The Foundation occasionally augments these activities with programs in experiential education taking place in its woodland acreage, where the teaching of art as well as the teaching of certain outdoor skills is combined. The Foundation’s commitment here arises from the inspiration that both Josef and Anni Albers found in nature for the source of their abstractions in art, and also from the Alberses’ intense interest in effective practical means to achieve certain results. It is not unreasonable to compare the carabiners and harnesses and ropes used by rock climbers to an artist’s paints and canvas: the materials that need to be used properly and understood to assure a spiritual experience. In September 2001, the Foundation’s sponsorship of an Outward Bound rafting trip down the Colorado River exemplified Josef’s idea that experience is the best means of education. As Josef Albers wrote:

“[Practical work] teaches us that insight and skill depend on observation as well as on thought.
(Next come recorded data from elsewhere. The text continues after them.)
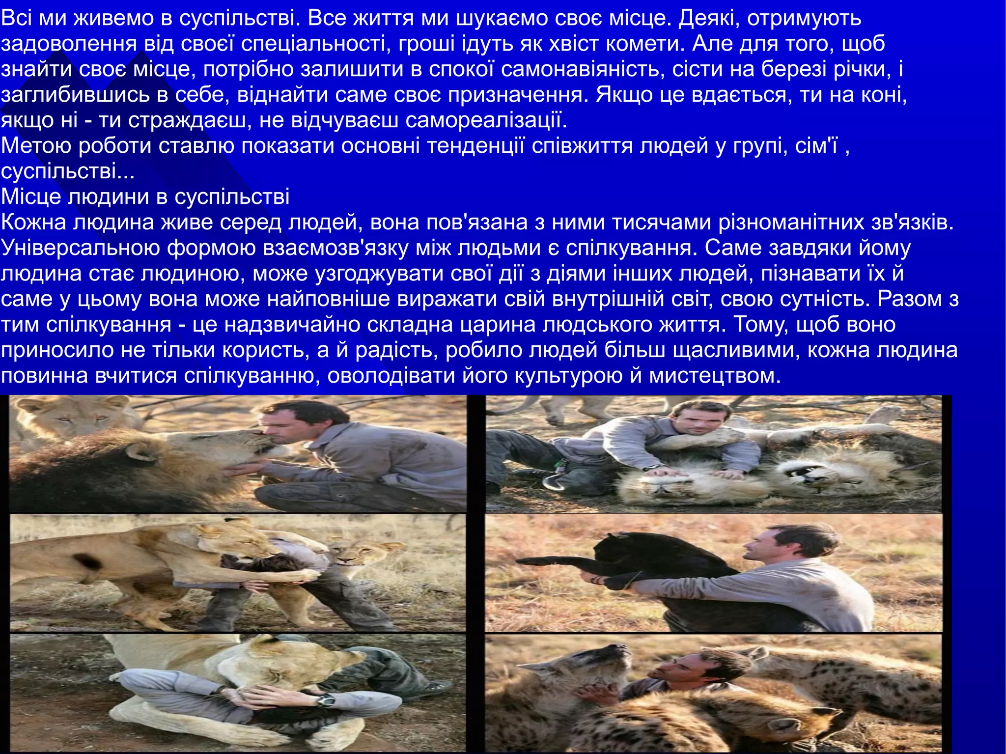 Й нарешті, кожна людина не може не усвідомлювати сьогодні своєї належності до найбільшої людської спільноти - людства. Бо у наш час, як ніколи раніше, людство стає єдиним. І сприяння зростанню цієї єдності, налагодженню дружніх відносин між усіма народами й людьми є найпершою запорукою успішного розв'язання тих величних проблем і завдань, що стоять перед людством загалом на порозі XXI сторіччя.
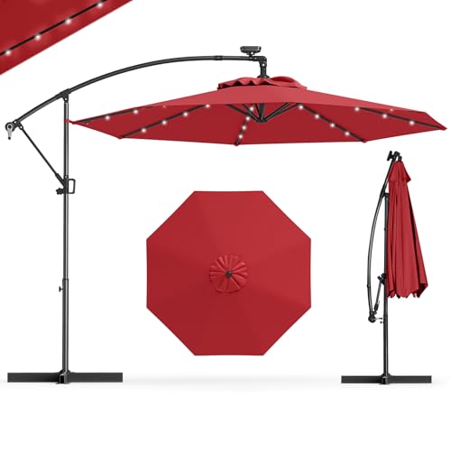 COSTWAY Parasol Déporté Professionnel 3M, Grand Parasol de Jardin Extérieur 32 LED Solaire avec Manivelle, Inclinable et Rotation à 360°, Base Croisée, pour Patio, Terrasse, Balcon (Rouge)
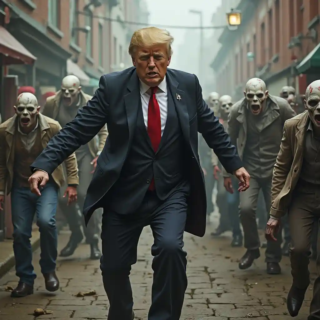 Donald Trump'ın bir sürü zombi tarafından kovulduğunu düşün
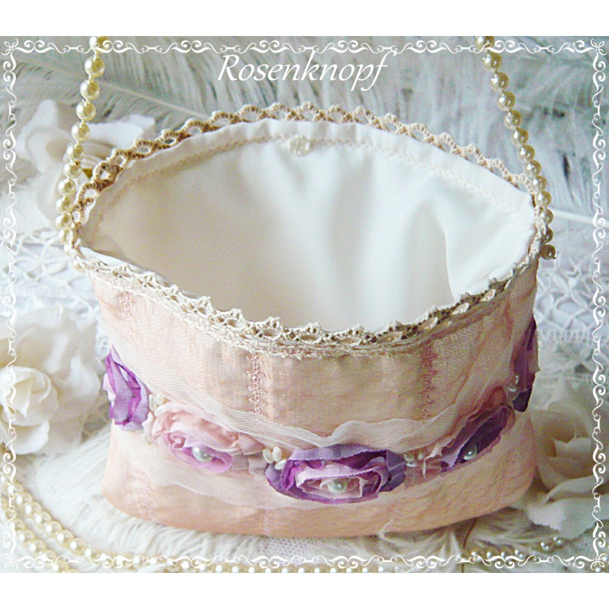 Romantische Akzente erhält das Täschchen durch Abnäher, einem Tüllband mit Rosen in Violett Tönen deren Mitte ich mit aufgenähte Perlen verziert habe.

And through manual work, as through art, we realize that there is, besides thinking in logical conclusions, “thinking in situations,” which is just as necessary as thinking in numbers or figures or verbal terms.”

“Thinking in situations” is, of course, fundamental to the making of an art work: a specific application of the concept that was vitally important to Josef Albers, and equally important to the fulfillment of the Albers Foundation’s mission today.